Is the Old Testament trustworthy or accurate to the original?

Sincerely,

Theophilus

Dear Theophilus,

These are two very important questions. To address whether the Old Testament is trustworthy, we need to determine who wrote the Bible and whether we have trustworthy copies of what they wrote.

The Bible’s Authors

The apostles were very clear that what was written was what God wanted written. For example, Exodus 33:11 says that God spoke to Moses “face to face” as a man speaks to his friend. Moses wrote down many things that God told him personally (Exodus 24:4, Deuteronomy 31:9). All of the prophets were moved by the Holy Spirit to write down their messages. 2 Peter 1:20-21 says, “Above all, you must understand that no prophecy of Scripture came about by the prophet's own interpretation of things. For prophecy never had its origin in the human will, but prophets, though human, spoke from God as they were carried along by the Holy Spirit.”
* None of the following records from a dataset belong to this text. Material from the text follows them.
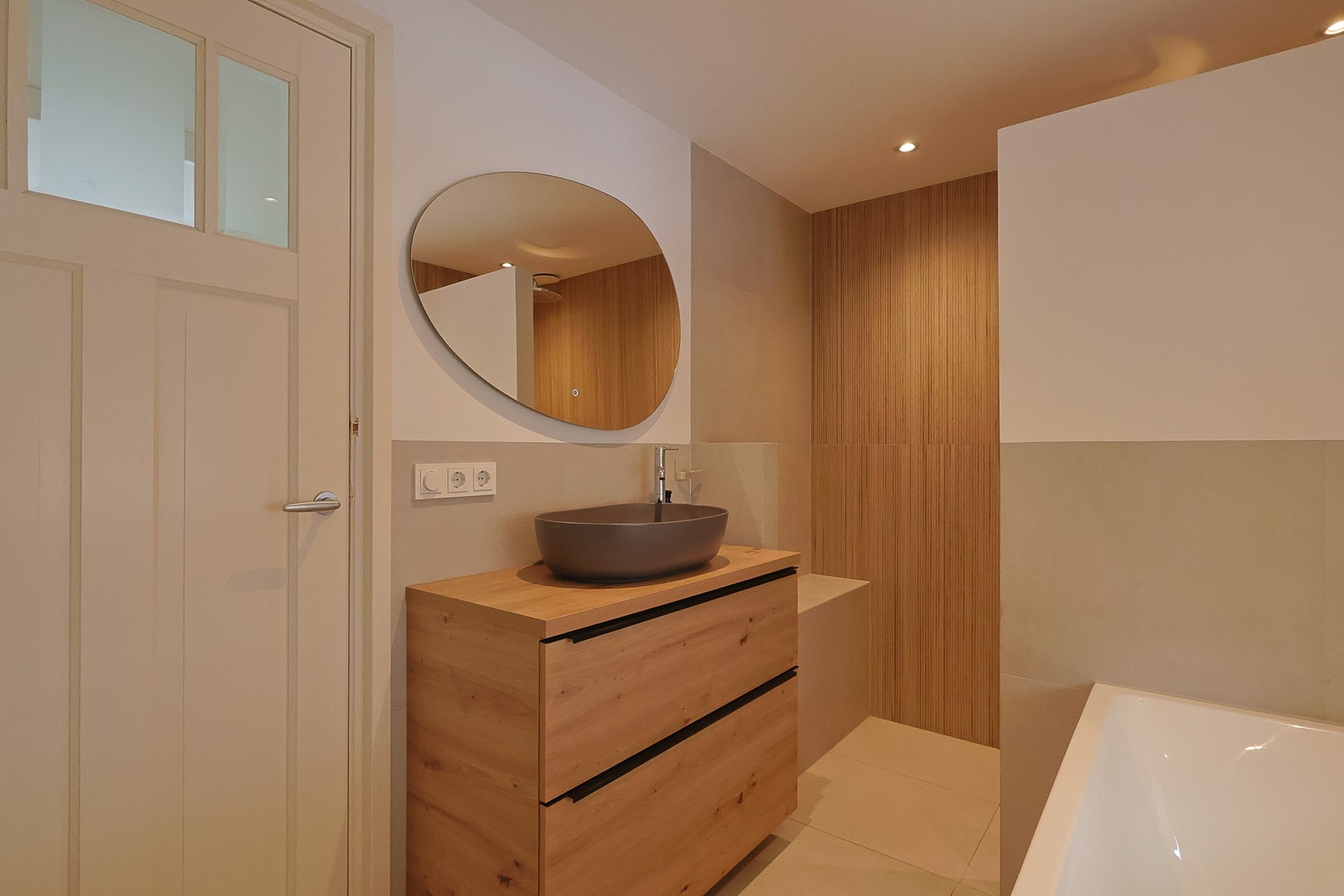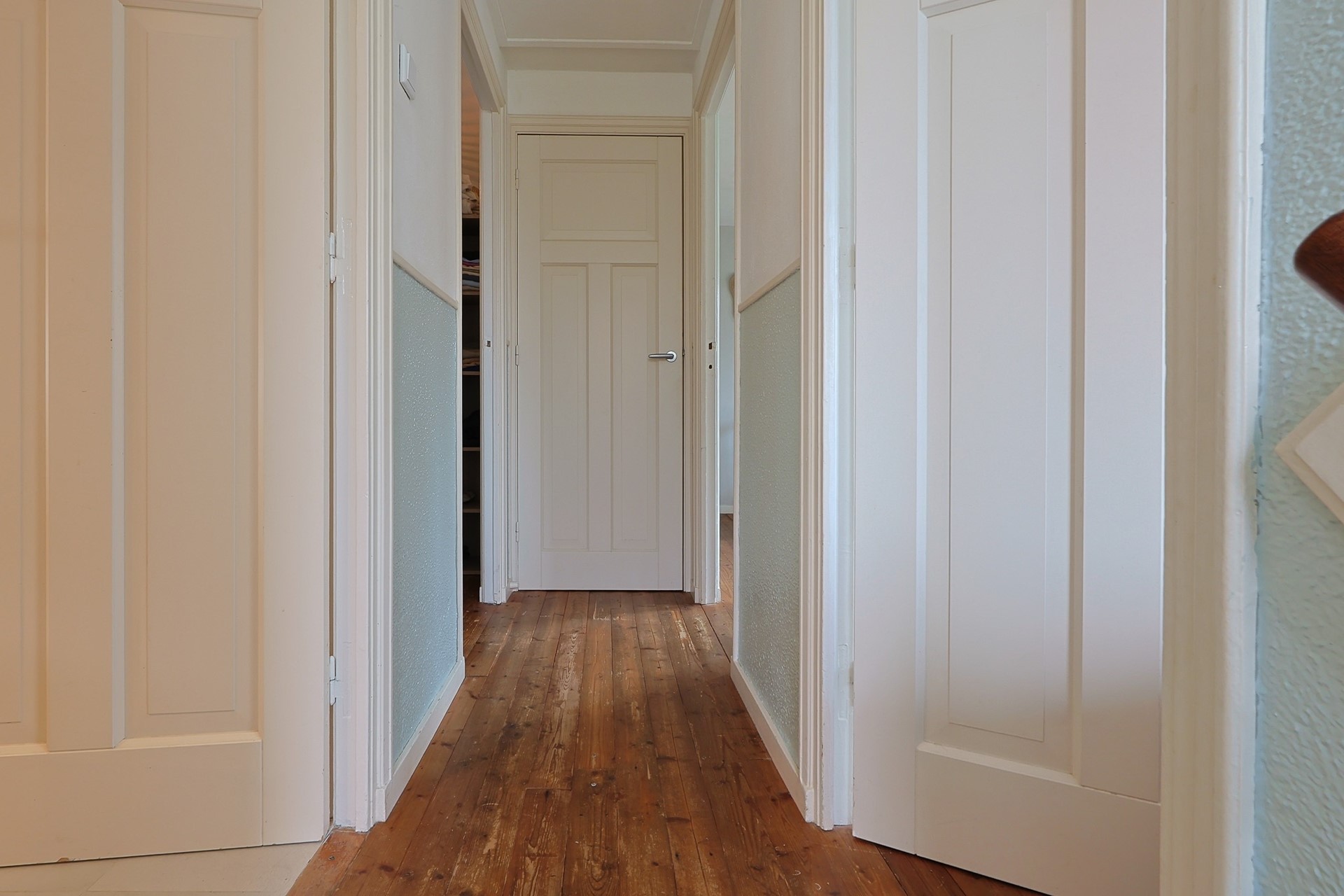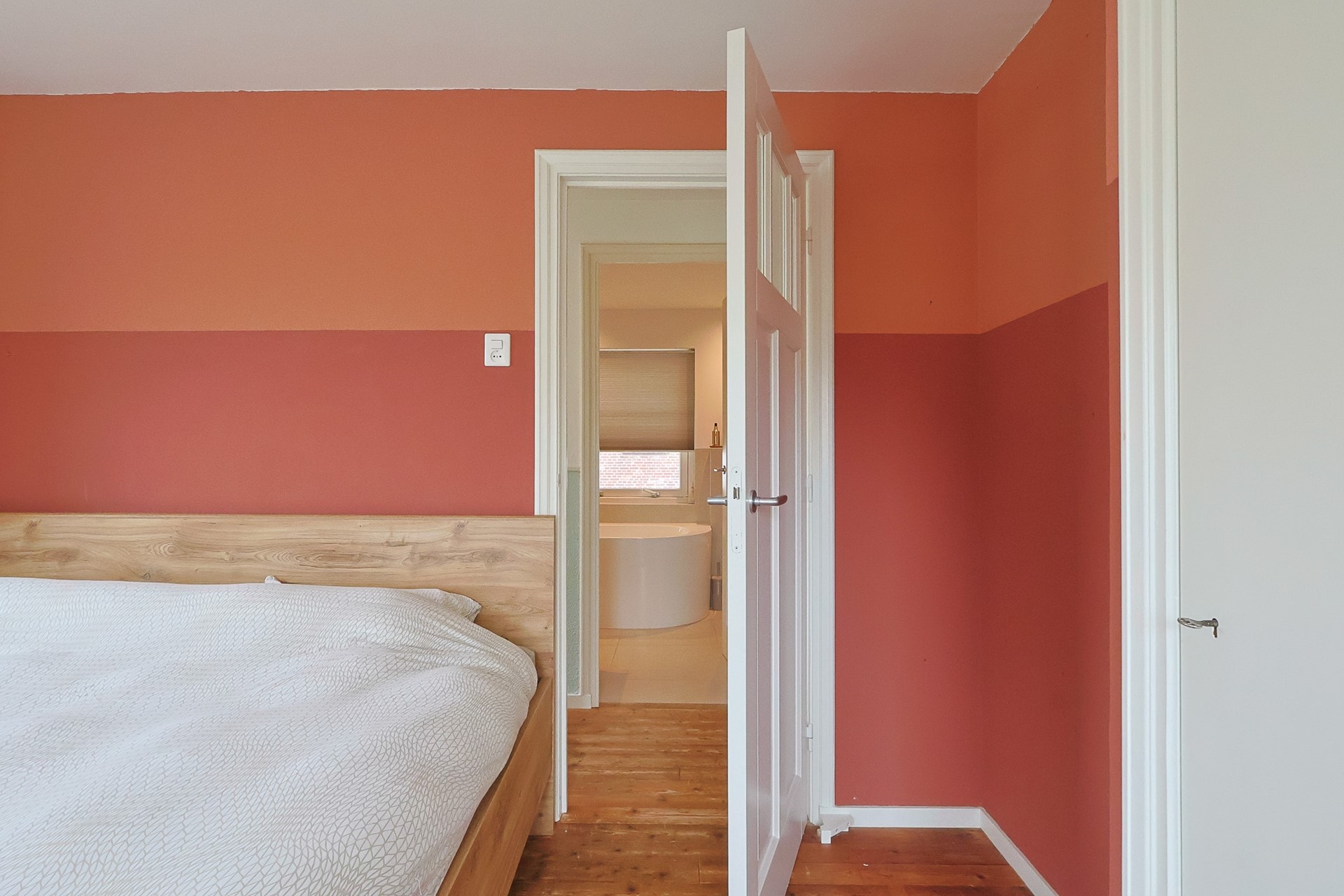 Op de eerste verdieping bevinden zich twee ruime slaapkamers, een kastenkamer (eventueel derde slaapkamer) en een moderne badkamer met hangcloset, ligbad, grote inloopdouche, wat bergruimte en wastafel met meubel. Vanuit de ouderkamer heeft u toegang tot een zonnig dakterras met houten vlonders. Onder andere de paneeldeuren en houten vloeren op geven de verdieping een warme, stijlvolle uitstraling.
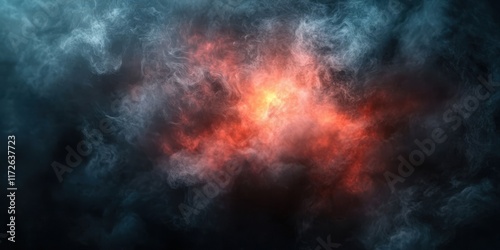 Dark Smoke Clouds with Red Light Background Creating Mysterious Atmosphere in Artistic Digital Illustration for Stock Photography Use
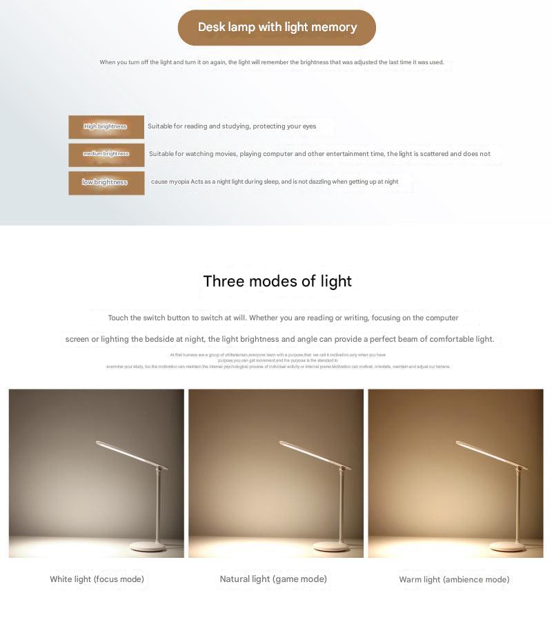 Experience unmatched convenience and eye comfort with our Modern LED Desk Lamp, tailored for both students and professionals. Its adjustable brightness feature allows for perfect lighting in various environments, promoting productivity and eye health. The sleek touch control panel simplifies operation, making it easy to adjust lighting levels. Crafted with eye-protective technology, this lamp minimizes glare and flicker, protecting your eyes during long study or work sessions. Its contemporary design fits effortlessly into any workspace, enhancing its aesthetic while providing functional light. The built-in battery ensures it can be used anywhere without the need for constant power supply, making it ideal for both stationary and mobile use. Perfect for anyone who values functionality and style in their lighting solutions.
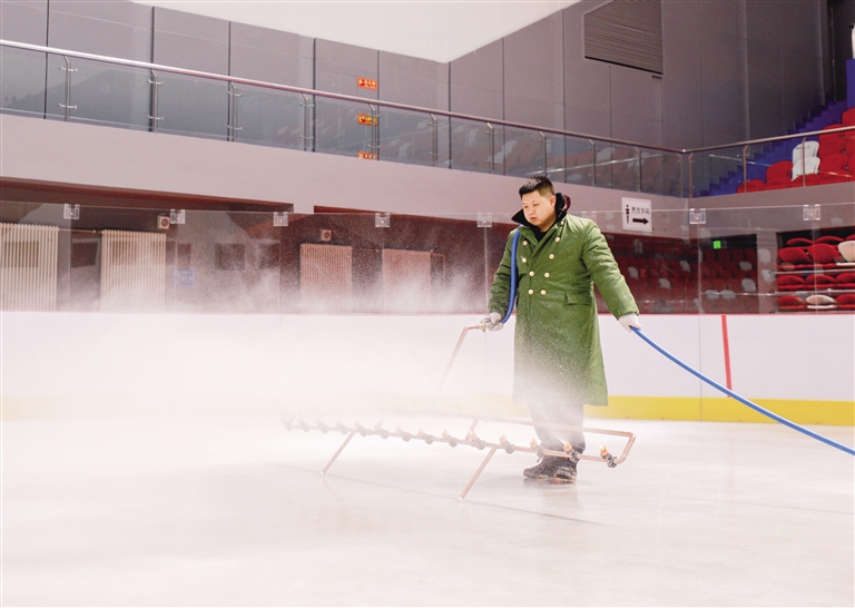 随着2022北京冬奥会的临近,呼和浩特的冰雪运动氛围也愈加浓厚。11月30日,工作人员正在为呼和浩特体育中心综合馆铺设“牛奶冰”。连日来,该中心冰场转换工作正在如火如荼的进行当中,预计12月4日向公众开放,届时市民可以在专业冰场上畅享滑冰带来的乐趣。另外,我区喜迎“北京冬奥会”火种展示活动也将在该场地举行。
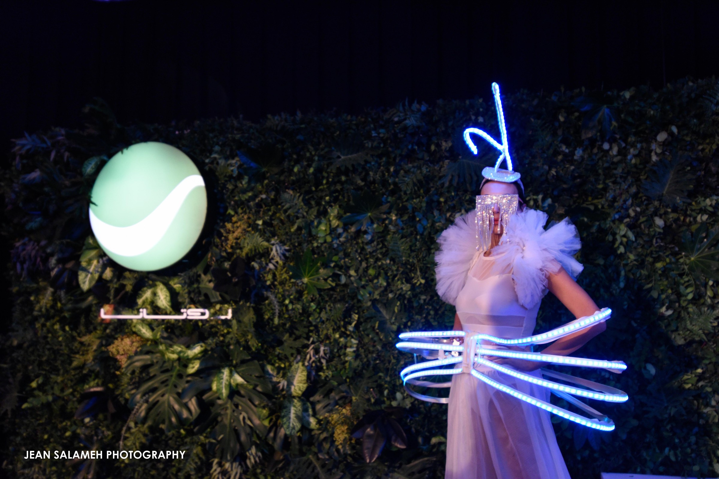 Female walk about models with incredible, unique LED costumes available to meet and greet guests or take photos with them.
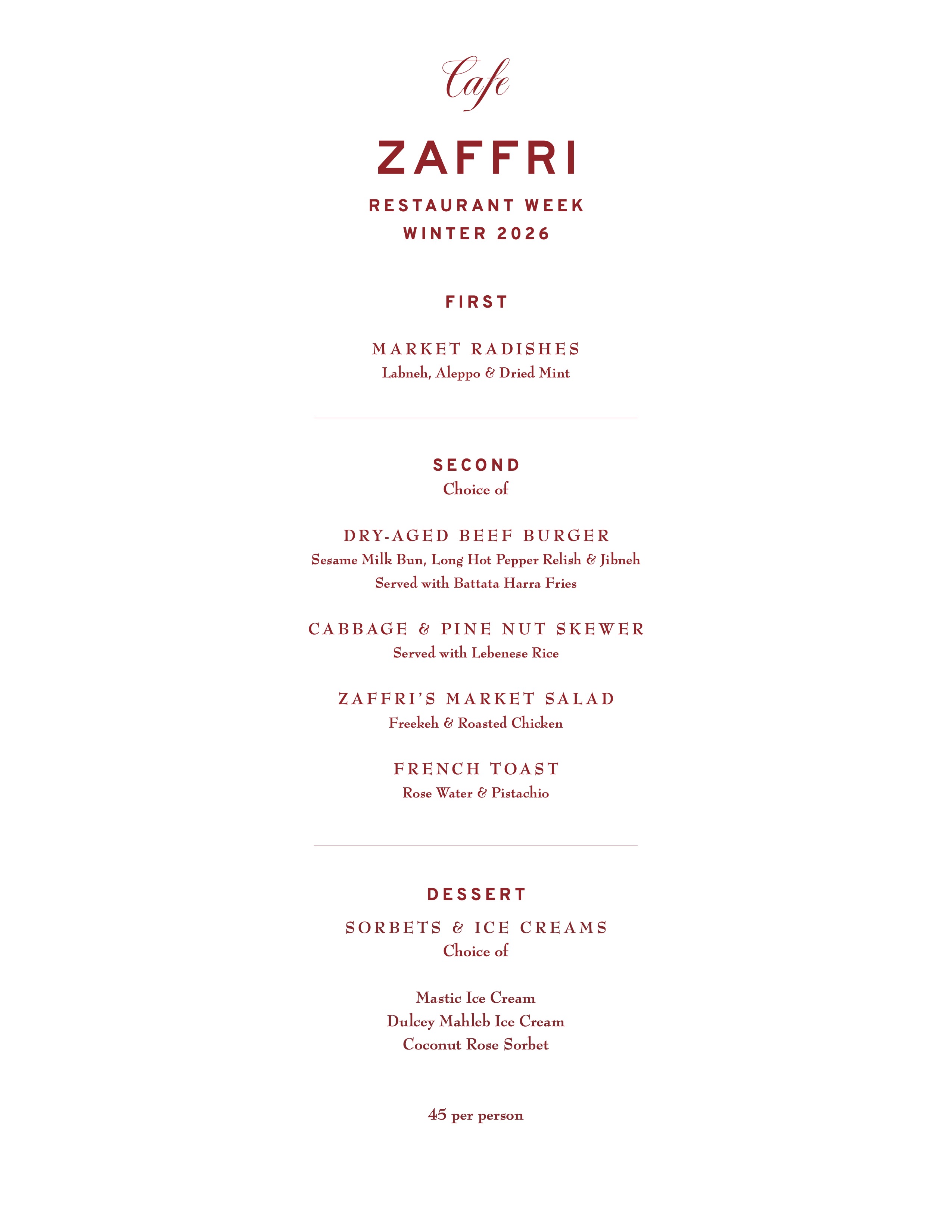 45 per person Served from 11:30AM to 3:30PMFirst
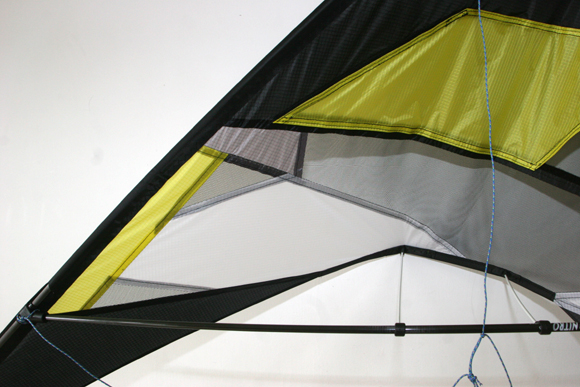 Compared with the V1, there's a much larger main vent panel and 2 additional mesh panels. The main panel has a rip-off so the amount of venting can be varied. With the rip-off in place the kite will fly in as little as 10 mph; remove the rip-off and the kite works up to 30+.
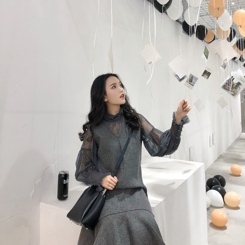 chic小清新氣質新款長袖雪紡衫百搭魚尾背心連衣裙時尚套裝兩件套
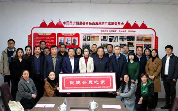 11月25日,为庆祝中国民主促进会成立80周年,进一步加强民进青岛西海岸基层组织建设,增强会员归属感与凝聚力,民进青岛市西海岸新区基层委员会举行“会员之家”揭牌仪式。民进青岛市委会专职副主委李黎,秘书长刘爱军,中共青岛西海岸新区工委统战部副部长孙传君及会员代表参加活动。
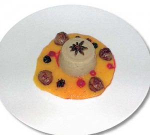 Preparazione: cuocere le castagne nel latte con 1 bacca di vaniglia. Togliere la vaniglia e passare al setaccio le castagne – lasciare raffreddare. Montare i due tuorli d’uovo con lo zucchero. Montare la panna ed amalgamarla lentamente all’uovo, aggiungere la purea di castagne e la gelatina. Sistemare su stampi individuali e porre in frigo per 2 ore ca.
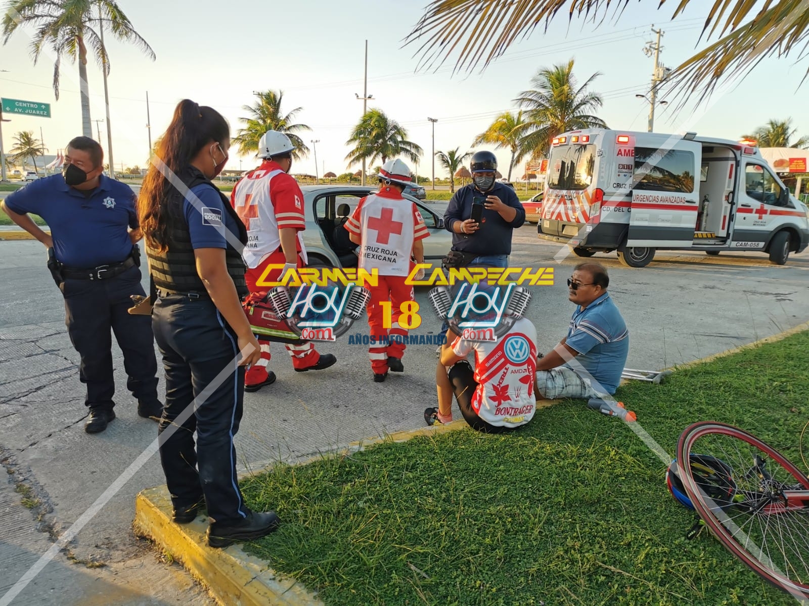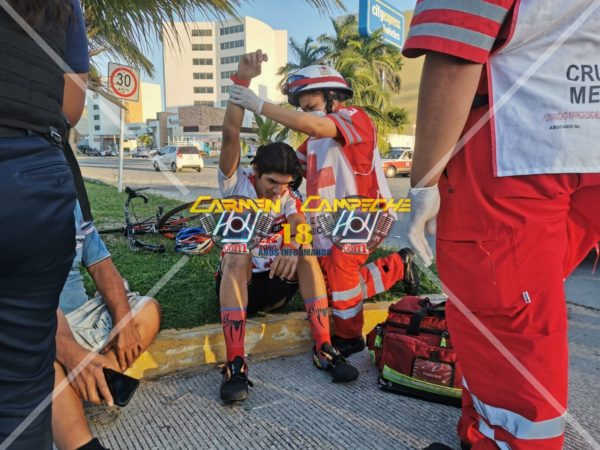 Un joven ciclista que realizaba entrenamiento en Playa Norte, fue accidentado por el conductor de una camioneta Ford al atravesarse al paso del ciclista quién tras intentar esquivarlo se fue contra el camellón central de la avenida paseo del mar.

Some people might ask why the books show the distinctive personalities of their writers. One way to think about this is to use the analogy of a master musician, who can play a piano, a violin, a guitar, a flute, etc. Each instrument has its own distinct sound, but it is the same musician who is playing. Similarly, the prophets can be likened to different instruments. God spoke through individual prophets. Their messages have unique characteristics, but it is the same Master Writer speaking through them all.

The Bible’s Text

The second question is about whether the Bible we have today is an accurate reflection of what was originally written. First, we need address the process of copying manuscripts. We have evidence from comparing newer and older copies of the Old Testament in Hebrew and Aramaic, that the copying was extremely accurate. Scribes counted not only words, but characters in the documents they were copying, and if the numbers did not match, they would go back and recheck their work.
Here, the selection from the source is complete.